Screens at CIFF: 10/13 & 10/15 & 10/16
World premiere: 12 May, 2011, Cannes Film Festival


If I were to lay out the plot of The Slut all nice and simple, it would sound like Israel is now in the business of exporting its pornography: there's a small farming community out by nowhere, where 35-year-old Tamar (Hagar Ben-Asher, also the writer and director), mother of two, is the willing and enthusiastic sexual partner of pretty much all of the town's menfolk who show an interest. One day, an old son returns to town: Shai (Ishai Golan), a veterinarian, who like everybody else is drawn to Tamar's magnetic sexual freedom, but he's quite a bit more serious than the rest of the fellows who seem to regard her as simply a public service, like running water, which as far as we ever learn is just how she likes it. That is, really, about it as far as plot goes.

But The Slut is about as far from pornography as you can get with a film that does, admittedly, contain a healthy share of sex scenes that are, if not explicit, certainly graphic enough that they don't leave much to the imagination. Much has been made of the fact that the film features a woman directing herself in hardcore sex scenes, and how it does or does not re-appropriate the subject matter for feminism, and this thesis does carry some water; and it carried even more back in 1976, when Chantal Akerman did basically the same thing in Je, tu, il, elle. It's obviously not fair to judge a movie by how it measures up to an experimental feminist movie that most people have neither heard of nor seen, but it gets to the question that The Slut never gets around to answering: why bother? What does this movie say that's so darned special, about sex, about female sexuality, or about Israeli small towns?

Nothing, as far as I can tell. It's unfortunately perhaps the case that a film which non-judgmentally presents an adult woman who enjoys having sex and is deeply conflict by a man's attempt to "tame" her is still shockingly edgy, but even crediting The Slut with that much intellectual fortitude is giving it a lot of benefit of the doubt. It presents, but it does not suggest meaning; other than self-consciously ripping all of the eroticism out of the sex act, there's virtually nothing to suggest that Ben-Asher even has a point of view, feminist or otherwise.

The film does manage to depict the cloistered, gossipy atmosphere of a small town with some degree of facility: the slow-moving camera and menagerie of long takes hang around watching until the viewer almost feels like a part of the community, with the caveat that this town is largely made up of voyeurs of one kind or another.
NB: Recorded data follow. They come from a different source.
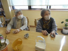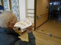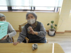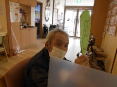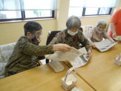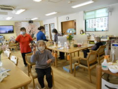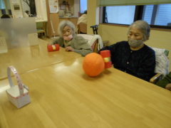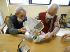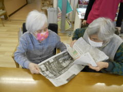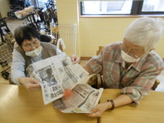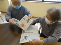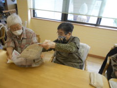 ある日のレクリエーションでは、新聞紙を両手で持っていただき、新聞の上にボールをお隣りの方へつないでいっていただきリレーを行いました☆皆様で声を掛け合いながら協力して楽しんでいただけました♬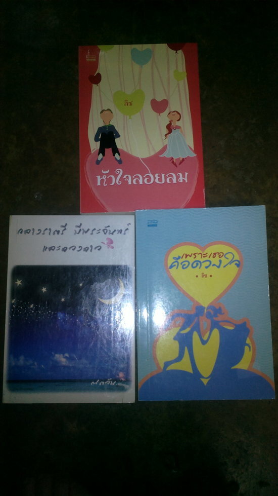 สั่งซื้อ 1 เล่ม คิดค่าส่ง 25 บาท เล่มต่อไปคิดเพิ่มอีก 5 บาท เพราะเธอคือดวงใจ / ลิซ / ราคาปก 255 / ขาย 160 มือสอง รักลอยลม / ลิซ / ราคาปก 170 / ขาย 100 มือสอง (มีรอยขีดที่สันปก) กลางราตรี มีพระจันทร์ และดวงดาว / ณตวัน / ราคาปก 160 / ขาย 110 (หนังสือใหม่ยังไม่แกะห่อ) สั่งครบสามเล่มคิดค่าจัดส่ง 30 บาท อยากดูรูปหนังสือเพิ่มติดต่อมาที่เมลได้ค่ะ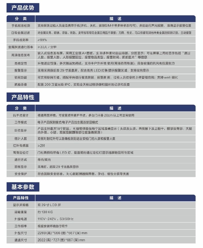 ZA-AM1629手機(jī)檢測門,可對手機(jī)進(jìn)行分類檢測和聲光報(bào)警,并排除鑰匙、皮帶扣、眼鏡、首飾、各類文具等日常金屬用品不誤報(bào);前后均采用29寸信息發(fā)布顯示屏,可實(shí)現(xiàn)圖片、音頻、視頻、字幕、實(shí)時畫面等不同素材的靈活播故;支持過程錄像和抓拍,實(shí)現(xiàn)歷史記錄反查;并針對性加強(qiáng)抗鳳和震動等干擾的能力。
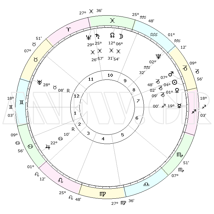 | | ΘΕΣΕΙΣ ΠΛΑΝΗΤΩΝ ΑΣΤΡΟΛΟΓΙΚΟΥ ΧΑΡΤΗ ΤΗΣ ΣΤΙΓΜΗΣ ΑΥΤΗΣ | | | | Πλανήτης | Ζώδιο | Μοίρες | Δεκαήμ. | Σε οίκο | Απόκλιση | | Ακμές των οίκων | | Ηλιος | Αιγόκερως | 03°57' | Πρώτο | 8 | 23 S 22 | | 1ος | 14°37' | Ταύρος | | Σελήνη | Ιχθείς | 05°52' | Πρώτο | 11 | 09 S 48 | | 2ος | 12°57' | Δίδυμοι | | Ερμής | Τοξότης | 18°53' | Δεύτερο | 8 | 22 S 46 | | 3ος | 05°13' | Καρκίνος | | Αφροδίτη | Αιγόκερως | 01°03' | Πρώτο | 8 | 23 S 41 | | 4ος | 27°10' | Καρκίνος | | Αρης | Αιγόκερως | 07°44' | Πρώτο | 9 | 24 S 03 | | 5ος | 23°16' | Λέων | | Δίας | Καρκίνος | 22°11'R | Τρίτο | 3 | 21 N 50 | | 6ος | 28°54' | Παρθένος | | Κρόνος | Ιχθείς | 25°57' | Τρίτο | 11 | 03 S 42 | | 7ος | 14°37' | Σκορπιός | | Ουρανός | Ταύρος | 28°08'R | Τρίτο | 1 | 19 N 33 | | 8ος | 12°57' | Τοξότης | | Ποσειδώνας | Ιχθείς | 29°26' | Τρίτο | 12 | 01 S 27 | | 9ος | 05°13' | Αιγόκερως | | Πλούτωνας | Υδροχόος | 02°32' | Πρώτο | 10 | 23 S 16 | | 10ος | 27°10' | Αιγόκερως | | Β. Δεσμός | Ιχθείς | 12°31' | Δεύτερο | 11 | 06 S 52 | | 11ος | 23°16' | Υδροχόος | | Ωροσκόπος | Ταύρος | 14°37' | Δεύτερο | | | 12ος | 28°54' | Ιχθείς | | Μεσουράνημα | Αιγόκερως | 27°10' | Τρίτο | | | |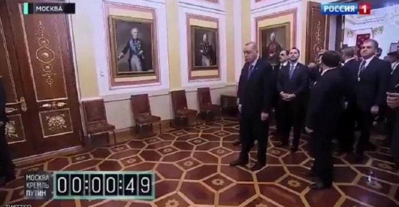 تسريب فيديو يظهر تفتيش أردوغان ومرافقيه بانتظار أن يستقبلهم بوتين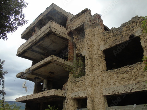 Naklejka premium Bombed Buildings on the Old Frontline of Mostar
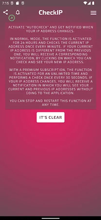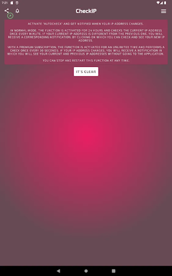 Do you use VPN often? Is your home IP address not static and changing frequently? This app will help you check your current IP address easily and quickly. Ease of use and nice design will make our application an essential attribute of your smartphone.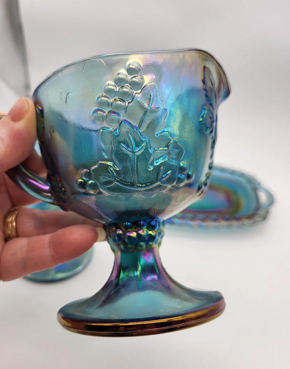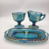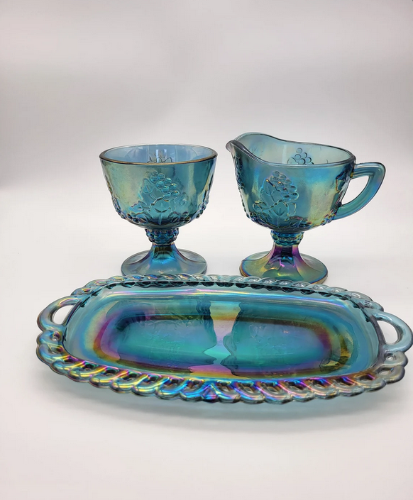 - Harvest Grape Iridescent Glass Blue Creamer & Sugar Bowl Set w/Tray $33.00 ea.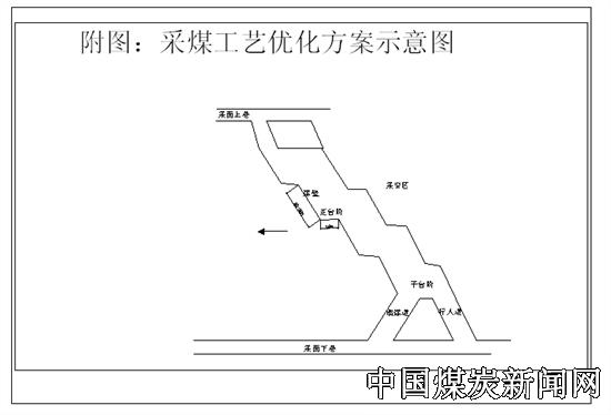 优化方案为采煤工作面由原来的俯伪斜走向分段密集采煤法改为俯伪斜正台阶采煤法,俯伪斜角度调整为40°-45°,采面每隔20-25m设置一个台阶。具体方法将现在采面的俯伪斜角度由30-35°调整为40-45°,这样即保证煤炭能自溜,极大地减少刨煤工作量(刨煤用工由原来的6人减为2人),有效提高日循环推进度;在工作面沿煤壁方向每20-25m留设一个台阶,台阶沿煤层走向方向水平留设,长度为1.2m,这样就能取得有效的防坠管理。
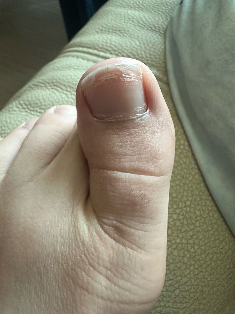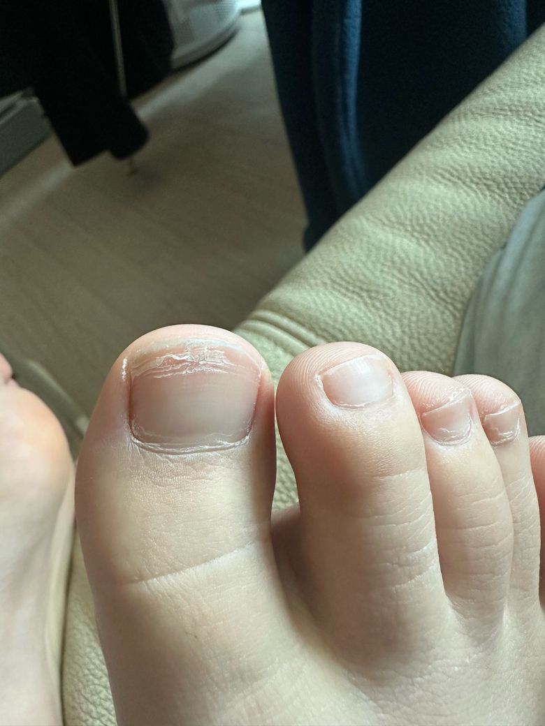현재 모습은 반복적인 압박이나 신발 마찰, 일시적 성장장애로 인한 가로선(Beau’s line), 혹은 단순 표면 건조 및 미세 외상에 더 합당해 보입니다. 양측에 유사하게 나타났다면 전신적 스트레스나 일시적 컨디션 변화 이후 생긴 성장선 가능성도 있습니다. 리튬, 아리피프라졸, 부프로피온(벨부트린)과 같은 약물은 드물게 손발톱 변화를 유발할 수 있으나, 사진과 같은 국소적 표면 긁힘 형태는 흔한 약물 부작용 양상은 아닙니다.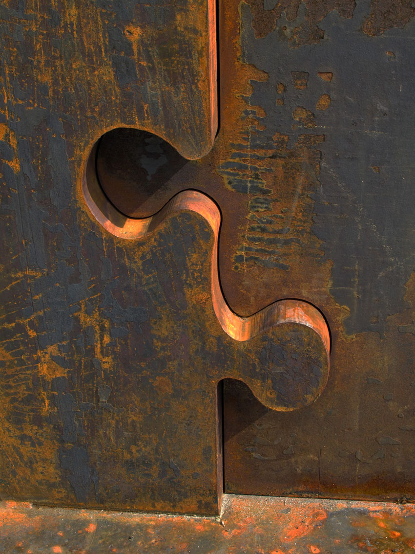 Zwei verschieden große, massive Stahlblöcke sind mit passgenau ineinandergreifenden Nasen und Buchten annähernd spielfrei gefügt. Der Versatz der beiden Blöcke ist gering und gibt lediglich der Fügekontur schärferen Kontrast. Nach oben hin streben die beiden Blöcke auseinander.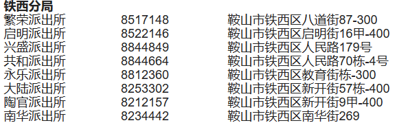 鞍山市铁西区辖区派出所联系电话和办公地址大全表:
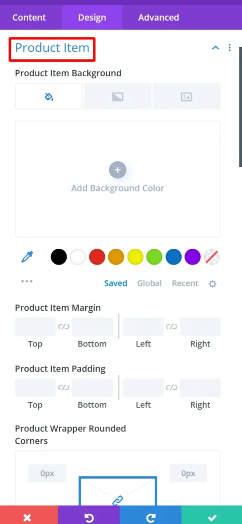 Product Item: it is used for customization product items background, margin, padding, product wrapper rounded corners, and its broader style, width, color also used to give box shadow in product items.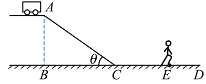 在寒冷的冬天,路面很容易结冰,在冰雪路面上汽车一定要低速行驶。在冰雪覆盖的路面上,车辆遇紧急情况刹车时,车轮会抱死而"打滑"。如图所示,设某汽车以 $36 \mathrm{~km} / \mathrm{h}$ 的速度行驶至一斜坡的顶端 $A$ 时,突然发现坡底前方有一行人正以 $2 \mathrm{~m} / \mathrm{s}$ 的速度同向匀速行驶,司机立即刹车,但因冰雪路面太滑,汽车仍沿斜坡滑下。已知斜坡倾角 $\theta=37^{\circ}\left(\sin 37^{\circ}=0.6, \cos 37^{\circ}=0.8\right)$ ,斜坡长 $s_{A C}=11 \mathrm{~m}$ ,司机刹车时行人距坡底 $C$ 点距离 $s_{C E}=7 \mathrm{~m}$ ,从厂家的技术手册中查得该车轮胎与冰雪路面的动摩擦因数约为 0.5 ,假设斜坡与水平路面平滑连接,司机从 C 点进入水平路面时速率不变,$g$ 取 $10 \mathrm{~m} / \mathrm{s}^2$ 。求: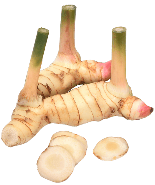 Rhizome aromatique proche du gingembre, au parfum citronné et poivré, très utilisé dans les currys, soupes et marinades.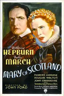 Mary of Scotland is a 1936 American historical drama film starring Katharine Hepburn as the 16th-century ruler Mary, Queen of Scots.[3][4] Directed by John Ford, it is an adaptation of the 1933 Maxwell Anderson play, with Fredric March reprising the role of Bothwell, which he also performed on stage during the run of play.[5] The screenplay was written by Dudley Nichols. Ginger Rogers wanted to play this role and made a screen test, but RKO rejected her request to be cast in the part[6] feeling that the role was not suitable to her image.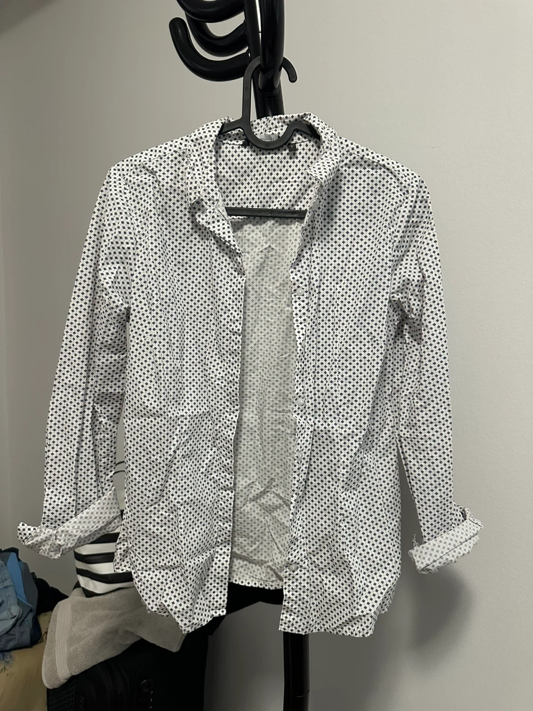 141Here's a long-sleeved shirt with a cool pattern! It's in great shape and ready for a new home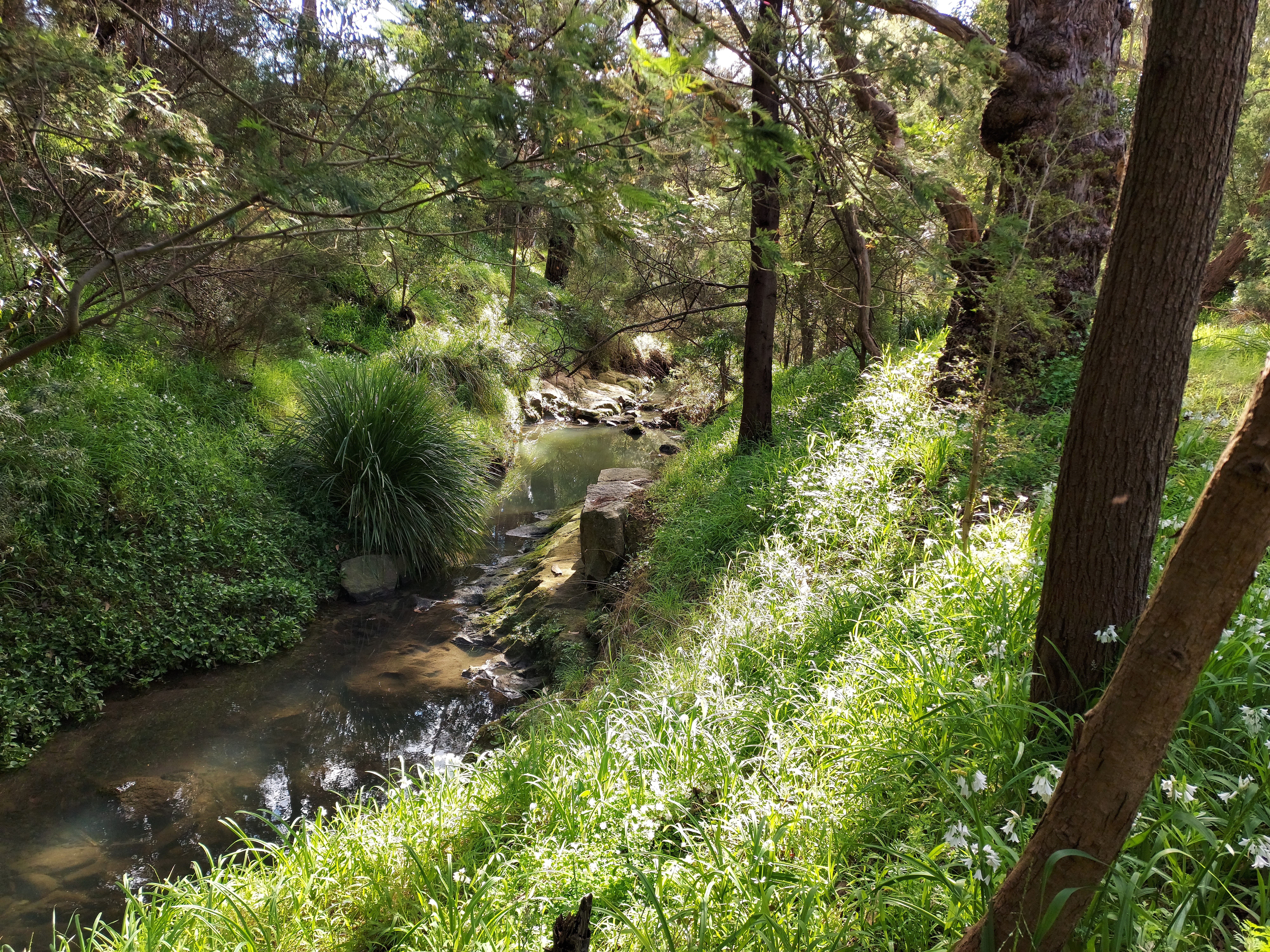 A creek through the suburbs, along the Scotchman's Creek trail.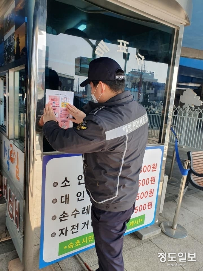 [정도일보 윤진성 기자]속초해경이 최근 12번째 감염 확진자의 강릉(주문진) 방문 기록과 관련, 동해안 일대의 낚시승객, 서퍼, 스쿠버 등 해양레저객과 외국인 선원 등 해양종사자들을 대상으로 코로나 감염 예방활동에 총력을 기울이고 있다.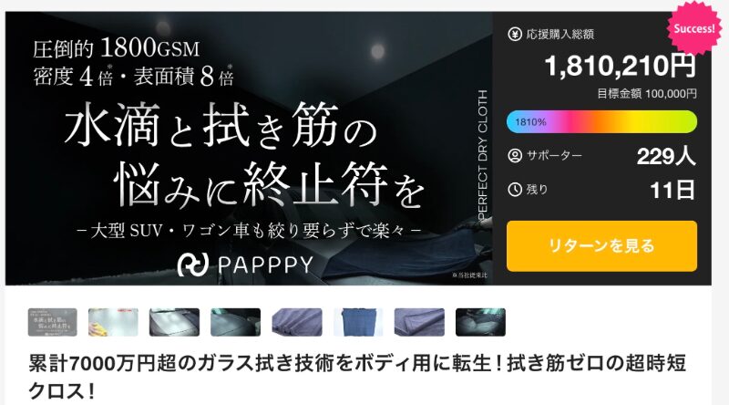 洗車後や入浴後、拭き上げ作業にかかる時間は決して短くない。pappyが展開するPERFECT DRYは、累計7000万円超の実績を持つガラス拭き技術をボディ用へ応用し、拭き筋ゼロという理想に迫ったクロスだ。水分を瞬時に吸収し、残らない。そのシンプルさが圧倒的な時短を生む。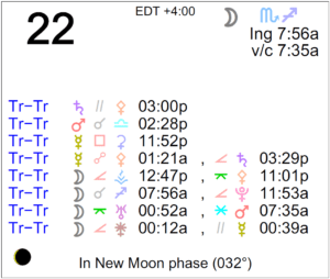 The Moon is in Scorpio until 7:56 AM, after which the Moon is in Sagittarius. The Moon is void from 7:35 AM to 7:56 AM. The Moon is waxing and in its New phase. The New Moon … [Read more...]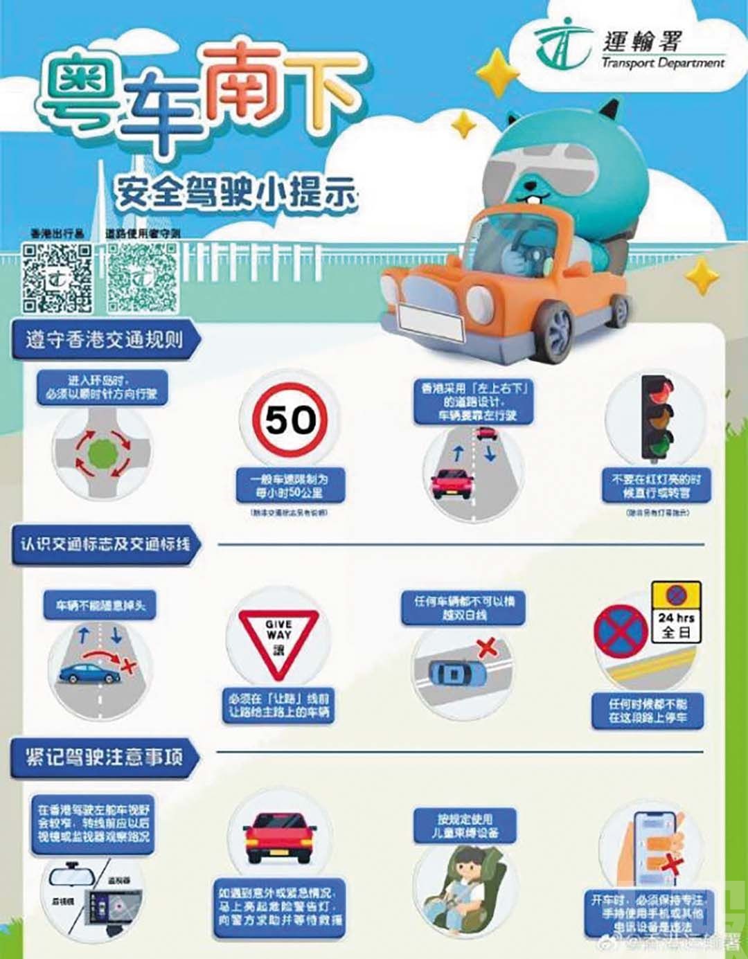 港府發片提示「 粵車南下 」交通規則注意事項。 (網絡圖片)

Social observation is, in fact, one of the two things that absolutely work great in The Slut; the other is an clotty atmosphere of caution and foreboding that chokes every inch of the film. It is a doomy sort of movie, though not such that it turns into a thriller or anything even resembling it. It's more that there's always a sense of things about to turn for the worse, and this sense is maybe the exact reason that Ben-Asher keeps us at such a separation from the events and emotions depicted in her movie: the whole film is, in its fashion, about keeping emotions locked off as a form of self-preservation. Or maybe it's all just agonizingly stilted. That is also a possibility.

God, I want to like this movie. It's so easy to see where this could have been great: Tamar is a compelling and difficult character, and the slow reveal of her personality that is the closest thing The Slut has to a narrative arc makes it seem like there's an exceptional movie watching her stride through life. It's not this movie; this movie stares at her without engaging in even the slightest way with her, brooding about with its dusty cinematography and lingering takes. But it's only a half-step from here to whatever version of this plot and character study are truly illuminating and knowing; a half-step that would just require the director to not pursue, so successfully, a completely inexplicable program of building a thick wall of glass between us and her protagonist.